My lovely wife, Valerie, has been going through containers of “keepsakes” and “treasures” which have been packed away for the last two years, or so. What was supposed to be a library in our house had turned into a “put it there until we figure out where to put it” storage facility.

Within one of the plastic totes full of seemingly random notes, old greeting cards, and priceless “I LOVE YOU” drawings made by our little girls were old sermon outlines. I don’t know why they were there, but I’m glad they were preserved.

One of the outlines is one I preached, but I don’t remember when or where. Honestly, I don’t even remember if it was original or borrowed. Therefore, I won’t take credit (at least not all of it) for what I’m going to share. Just know, whoever developed this outline, he was preaching the truth!


How to Love Sin in Seven Easy Steps

“Abhor that which is evil, cleave to that which is good.” – Romans 12:9

To be clear, the following is an outline showing the progression one can make from that of hating (abhorring) sin, to that of loving it with equal passion.

I. Abhoration

At this stage, even the mention of sin is shocking. One might ask, “How could anyone even do that?” Unfortunately, even though it is a good thing that one abhors (hates; is totally repulsed by it) a particular sin, the danger – the crack in the foundation – is to understand that “God says that is sin; but I don’t know why.”

Folks, if you will remember, Eve took of the fruit when offered because her doctrine was off a bit. In other words, the message she’d been taught (by Adam) was that touching the fruit was deadly. In her mind she knew what God supposedly thought, but she didn’t know the “why.” That’s where legalism begins, and ultimately apostacy.

II. Awareness

Step two on the path to loving sin is becoming more aware of the sin. You know it’s there, you’ve heard more about it, and it’s not quite so shocking the more you hear of it. Granted, it’s still HORRIBLE to you at this point, and you cannot for the life of you see how anyone could get involved in it.

This is one of the greatest dangers we face in modern times – the increase of knowledge. In centuries past, even up to the mid-20th century, many shameful sins were hidden from the general public (Ephesians 5:12). Back in those days it was shocking that someone you knew was caught smoking cigarettes in the school bathroom. Now the sky’s the limit with what children can get away with, even in the classroom!

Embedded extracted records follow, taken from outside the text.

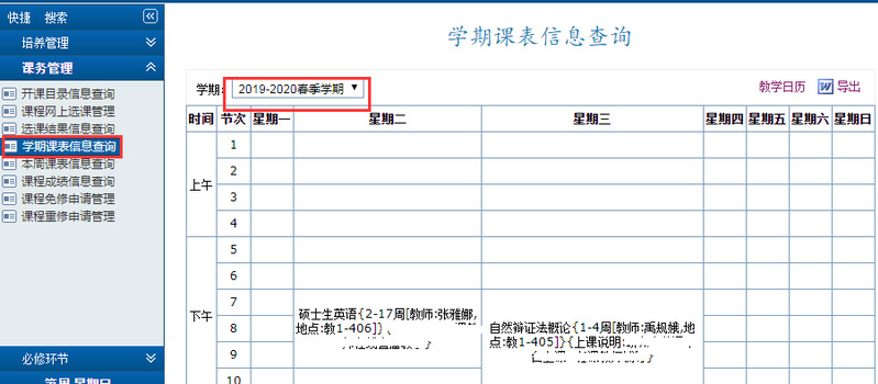 点击[培养]→[课务管理]→[学期课表信息查询]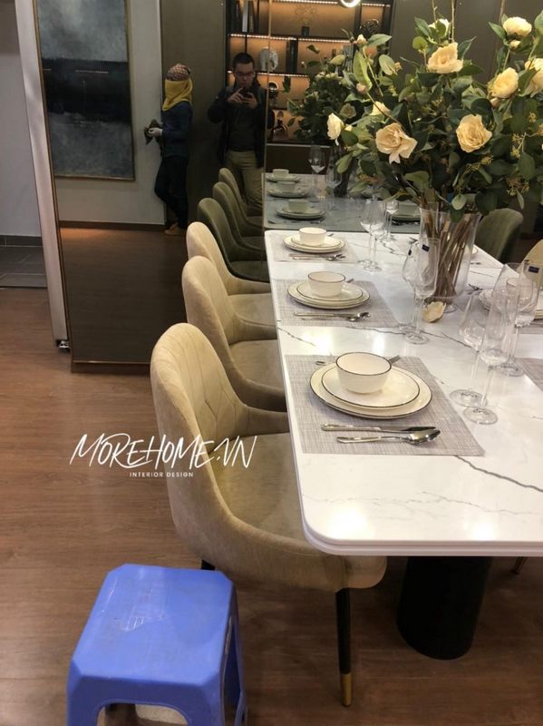 Cận cảnh sản phẩm bàn ăn mặt đá nhân tạo vân mây trắng kèm 6 ghế chân sắt bọc nệm nỉ màu be kiểu dáng nhỏ gọn hiện đại cho phòng ăn chung cư do Morehome thi công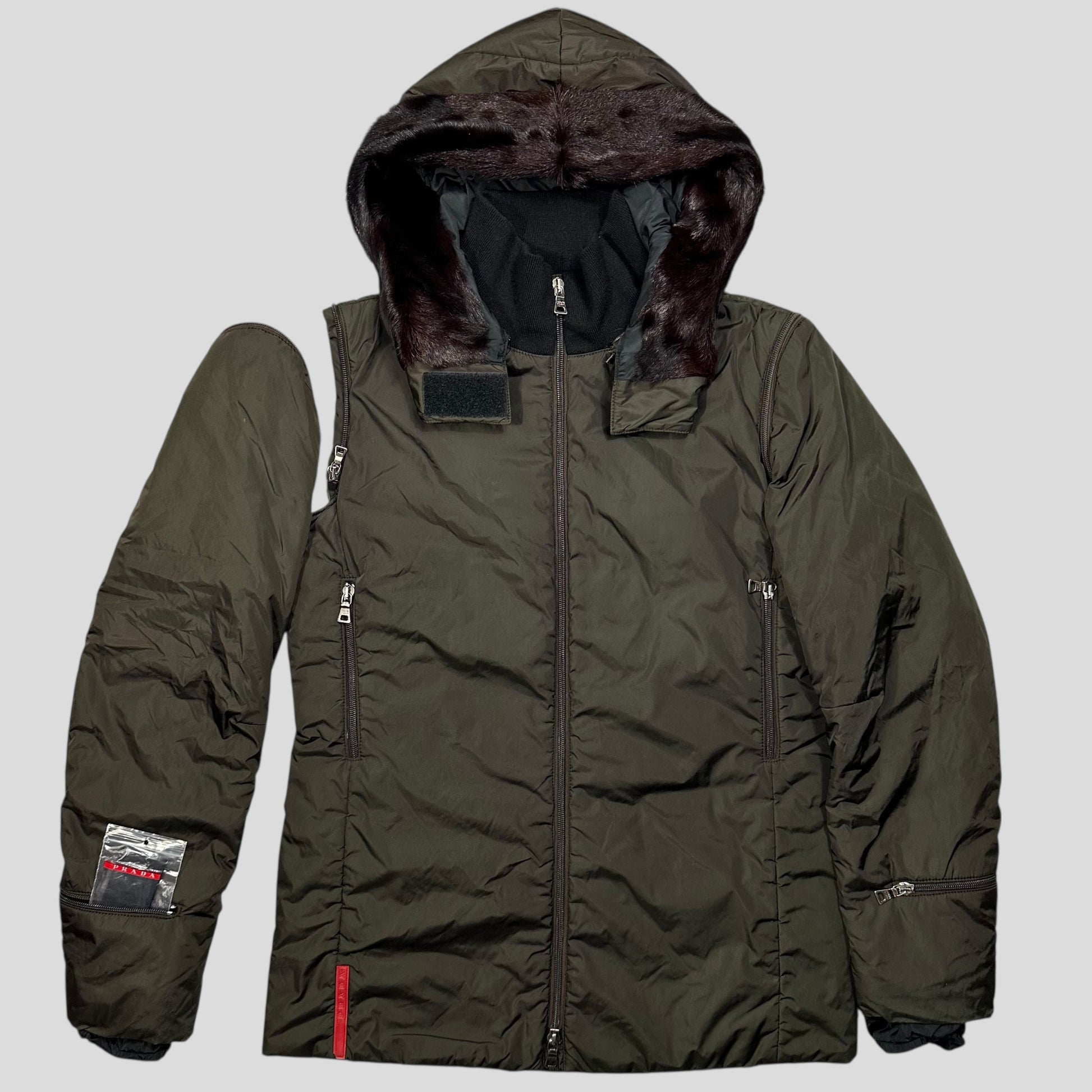 Extremely rare Autumn Winter 2000 Prada Sport khaki nylon padded ski jacket, jacket can be worn 7 different ways, each arm can be zipped off, hood removed and the jacket can be turned into a packable bag with the Prada Sport Red tab.

Years ago, it wasn’t that we would have just been shocked by where the sin was committed; we would have shocked to even hear that such a sin existed!

III. Association

The third step toward loving sin begins when some sort of contact with the sin is made. In other words, it’s no longer something you’ve heard about in sermons or gossip; it’s something with which you’ve had a run in.

Often what happens at this stage is that your belief about the sin isn’t affected, but the contact (i.e., association with someone who commits the sin) develops curiosity. Oh, you still think this sin is wrong, even abhorrent, but you’re beginning to become accustomed to it. Still disturbing, but not as shocking.

IV. Acceptance

This is the stage where so many Christians are right now. They’ve watched so much television, movies, and social media that they are no longer shocked, but they’ve come to accept sin as a matter of choice.

As a matter of fact, it is during this stage toward loving sin when morals become relative. You assimilate into the thinking that there is “good and bad in all things.” Personally, you think the sin is wrong, but it’s not as big an issue anymore.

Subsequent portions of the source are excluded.